# Ouch! Using his mouth when he's over excited!



## Skenney (Jul 10, 2005)

Only when he's very excited or playing with us, Rusty can get very mouthy! I've learned that when he's chewing something to replace it with something he can chew, which I'm trying. But what can I do?? The trainer said that dogs play with their mouth so they tend to get mouthy without meaning any harm. :help!:


----------



## Mara (Jun 24, 2005)

Yip loudly and tell him no bite, or easy and then don't play for a while. If a puppy he will learn you will ignore him for awhile


----------



## MegB (Jul 19, 2005)

Woody is about the same age as Rusty, and he does the same thing. He acts all sweet, and I can't wait to pet him, but as soon as I do, he gets mouthy. He doesn't bite, but it still makes petting him unpleasant. 

Does it really work to ignore him for a minute? I try that--saying no and walking away, but he follows me! Then, I try to pet him again, and he gets mouthy again, and before long, he has turned it into a too-rough game. I have kept at it though, I am hoping that my persistence and his maturing will help it to come to a stop...someday.


----------



## Skenney (Jul 10, 2005)

I'm trying but it isn't working yet... we'll keep being persistent though. He does the same thing though, follows you around and when you go to pet him again if he's in that playful mood you get nipped. Oh, and Rusty will not give up on your hands. If I'm on the couch and my feet are nearby, he'll nip those too. 

I know he means no harm but it doesn't feel good! I'm nervous that he'll do it to a guest who may get freaked out too. Not all of us are as easy going with dogs. I have my third training class tonight and I'm going to bring it up, I'll let you know how she answers!


----------



## MegB (Jul 19, 2005)

Thanks, I am curious to know what she has to say.


----------



## Skenney (Jul 10, 2005)

The trainer at our class advocates ignoring your dog when they're trying to get your attention in a negative way. She said that even saying No! or reacting in some way still gives the dog what he wanted, which is your attention. She claims the best way to stop them is to ignore them, then pay attention to them positively by playing or whatever. We'll see if it works.....


----------



## timberwolfe (Apr 15, 2005)

Your trainer is correct. Negative attention is still attention to the dog.

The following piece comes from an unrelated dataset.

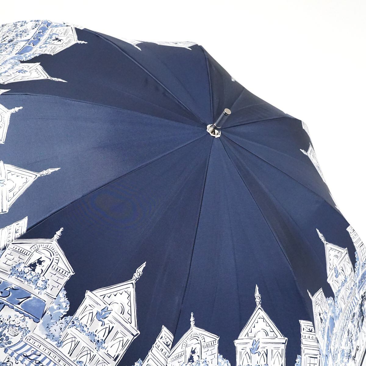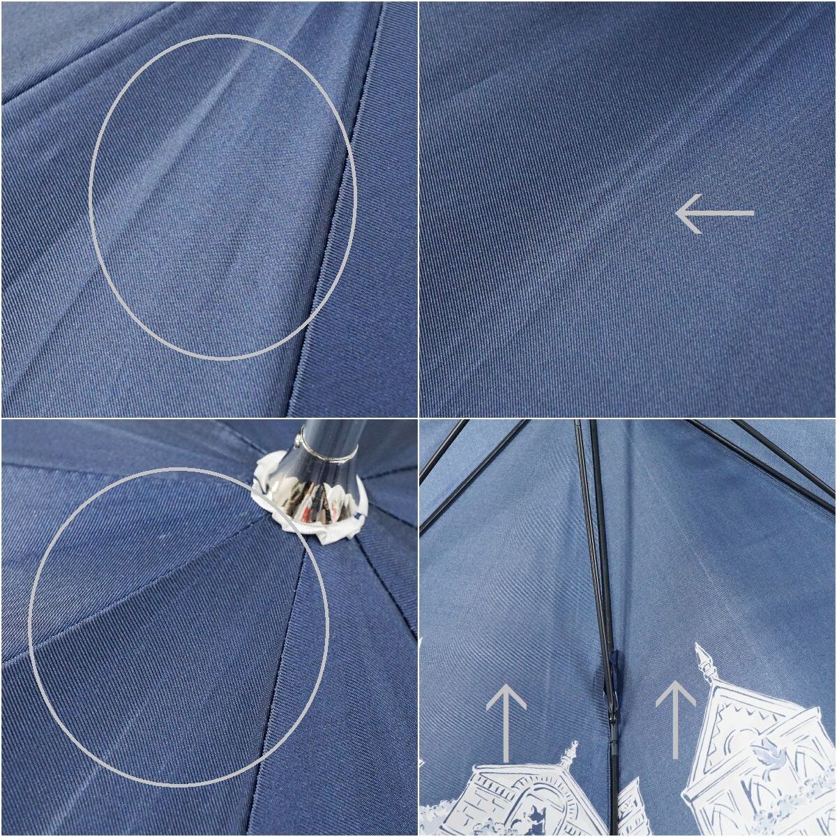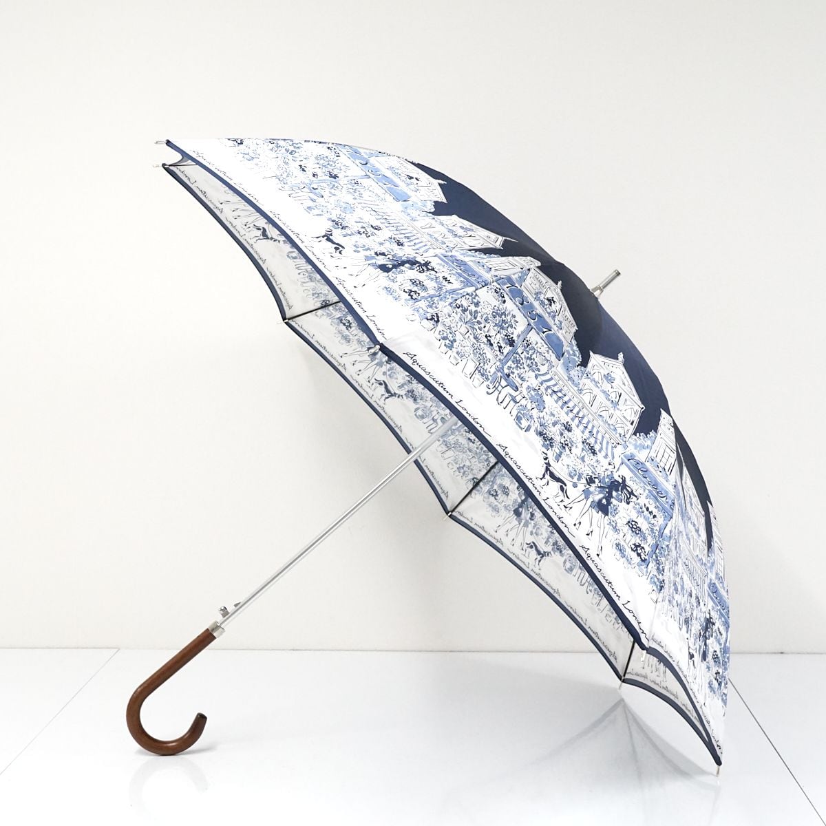 耐風傘 Aquascutum アクアスキュータム USED美品 ネイビー 街並み 女性 犬 イラスト ジャンプ グラス骨 風に強い 60cm A0959

I start with turning my back for 20-30 seconds. Totally ignore him. If he comes to you, do not give him any attention. It should be you, not the dog who determines when the time is enough. If he continues to play rough, then I would lock him in a room for a time-out for a few minutes.

Another thing I would do is turn it into a mini training session, if you have reliable sit/stay. 

Example: the dog starts playing rough and you try ignoring him. Rough play continues so instead of a time-out, I ask for something positive for him to do. Like "Sit". He sits and now he is deserving of positive attention. I then ask for a stay and walk 10 feet away. I then go back and praise (click and treat for us clicker trainers). I continue working on stays, come, or whatever level you are at with training. I have turned his energy and his craving for attention into something positive.


----------



## goldensonly (Jun 13, 2005)

A lifesaver for me has been a different technique that I've
never read about on any forum.... It works GREAT for me 
and my puppers.

As the puppy or dog tries to mouth you...whatever he is "biting"
and I know it's not hurting..it's just irritating... force that object
into his mouth, making him back up away from you. This will force
his mouth open in a way that he does not like. 

There is NOTHING that hurts the dog and they will stop this
behavior after a few times because it makes them so uncomfortable.

Now...before I get blasted... I use the term "force", but there
is nothing violent or forceful about it... you will be surprised when
your pup puts his mouth on your arm, and you go towards him instead
of pulling away from him... his mouth will open and he will back away.

I learned this from my obedeince instructor for puppies and older dogs alike, and my puppies were not biters!!! It worked!!!

If anyone is more interested in this, but doesn't understand how
I explained it, I can get you some pictures!


----------



## shaneamber (Apr 20, 2005)

Martha,I use the same method.I have mine sit at my feet so they can't back up.When they start on my hand,I gently push it all the way in.They will wiggle and squirm,but will soon learn Not to use their mouth.
Shane


----------



## goldensonly (Jun 13, 2005)

That's great Shane! It's works really well, doesn't it!!


----------